Here's David's explanation on the popularity of the SIP Trunking session:

Interest in SIP Trunking is very high -- I've actually run three panels on this topic for VoiceCon in the last year and a half, and attendance has grown exponentially each time -- but large users are only just starting to seriously solicit real proposals for this. That's a common pattern for important, customer-facing technologies, and helps explain why it takes several years for network ideas to be deemed a success or failure.

David's much closer to the situation than I am, so I believe him when he says that users are only just starting to solicit proposals; after all, we heard about MPLS VPNs and Ethernet services for it seemed like a couple of years before anyone started replacing frame relay in any volume.

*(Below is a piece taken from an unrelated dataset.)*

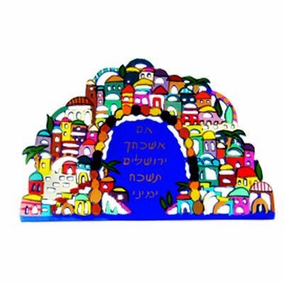 The design features the Jerusalem cityscape in its infinite variety and color, and includes a hole at the top with which to hang it on your wall. The center displays the ancient words of longing for Jerusalem "If I forget thee, O Jerusalem".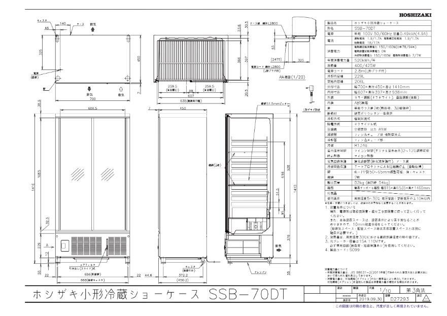 【ホシザキ】小型ショーケース SSB-70DT 幅700×奥行450×高さ1410 単相100V

And yet, I've sensed a real frustration on the part of our attendees (and folks at Interop, too) when it comes to SIP trunking. They've been hearing a lot about it, they hear that it could save them money, but they can't seem to get them. These users ask specifically about availability. I think there's a pent-up demand for SIP trunking that exceeds what we've seen in many other WAN technology replacement cycles.

When I talked at VoiceCon with Alan Percy of AudioCodes (who'll soon be blogging here at No Jitter), Alan focused on interoperability challenges with SIP trunks (not too surprisingly, since AudioCodes makes gateways). "SIP is not SIP is not SIP," he explained, adding, "If you do a word search on the SIP standard, the word 'may' turns up too often, and the word 'shall' comes up too seldom." In other words, everybody's implementing SIP differently when it comes to trunks.